3. I used wire ties and wire loom to run the wire along the frame. I then simply ran it up into the front passenger side of the engine compartment and wired it into the PCM 95 count pin connector (the top plug on the PCM). The PCM is easily recognized as it sits below a large black box mounted in front of the passenger side strut tower and it has the largest weather proof plugs attached to it.

4. You should have your battery disconnected at this point. If you don't you need to disconnect it now. You will be cutting into the PCM wiring harness and you can really cause significant damage if you short a wire. By disconnecting your battery you will prevent this from occuring. I always remove the negative cable. Google removing a battery and you will learn why.

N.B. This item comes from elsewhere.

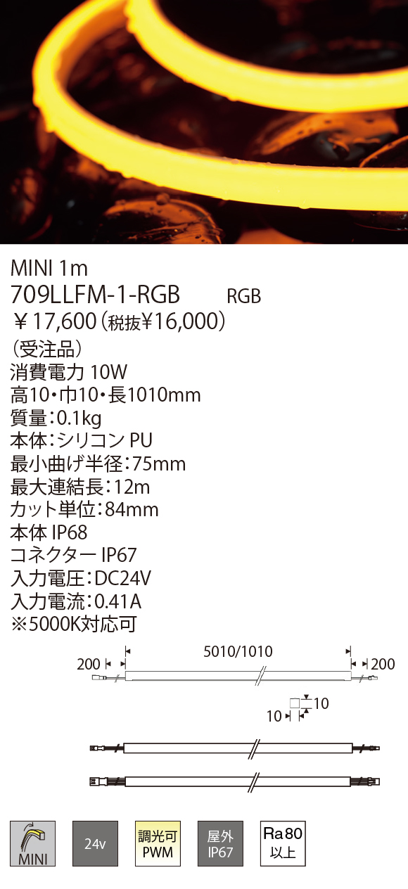 曲げ加工のできる屋外使用が可能なLEDラインモジュールです。LEDのドットを感じさせない連続した光が特徴です。単色タイプは5つの色温度からお選びいただけます。調光調色タイプは調光器との組合せで2700K〜6000Kの色温度が選べます。RGBタイプは調光器との組合せで任意のカラー演出が可能です。

5. I strongly recommend getting help from a dealer if your car is anything other than a 2015 or 2016 Mustang GT before going any further. My descriptions below only relate to the PCM wiring of a 2015 or 2016 Mustang GT.

6. To make life easy, you will want to cut the wire tie that holds the connector's large wire loom to the frame and then remove the protective rear cover on the connector (just pry lighly with a small screwdriver to remove the cover protecting the wires on the back of the connector). Then you will want to remove the electrical tape holding the wires tight up near the connector itself. You want a fair amount of wire showing so you can cut, connect, and reconnect the wires to the light and back to the connector.

7. You are going to cut into three wires in the PCM. #93, #18, #26. #93 is your cylinder 1 coil positive wire. This gets connected to the green wire on the light. #18 is a switched power wire and gets connected to the red wire from the light. #26 is the OSS (output speed shaft senor) and gets connected to the white wire from the light (the light works with either a VSS or OSS sensor although the manufacturer only mentions a VSS). The brown wire dead ends (just tape it off). This is for a motorcycle airshifter and doesn't apply with this install.

8. #93 is white wire with violet stripe. #18 is a blue wire. #26 is a yellow wire with orange stripe.

9. Make sure these connections are weather proof. This can be accomplished by soldering the wires and covering with shrink tube, or by using solderless connectors and dielectric grease, or by using a weather proof automotive connector. DO NOT simply twist the wires together and put electric tape on them. I also strongly recommend AGAINST using those connectors that partially cut into the wire and allow you to splice another wire. You will regret those methods some day in the future after corrosion has taken its toll. Remember, you are modifying wires going to your PCM (power control module). This is the computer that controls much of the functioning of your car.

10. Be sure to put an inline fuse between the light and the #18 pin. I used a 1 amp fuse and inline holder.

11. I then connected the black ground wire to the ground located on the passenger side strut tower.

12. After I installed everything, I initially left the fuse holder empty. I wanted to reconnect the battery and start the car without any power going to the shift light just to be sure I didn't get any warning lights or codes or odd behavior from the car. After being satisfied that the car was functioning properly I turned it off and installed the fuse. Then I started it and went through the programming of the shift light.

13. I would recommend putting your key fob far away from your car before you reconnect your battery. The wireless network in the car recognizes the key fob and turns on automatically some of the cars electrical system. You may get some sparks when reconnecting the ground wire otherwise.

That's about it. It should take you a good 2 to 3 hours for this project as snaking the wires can be a pain and creating good weather tight connections is a tedious job.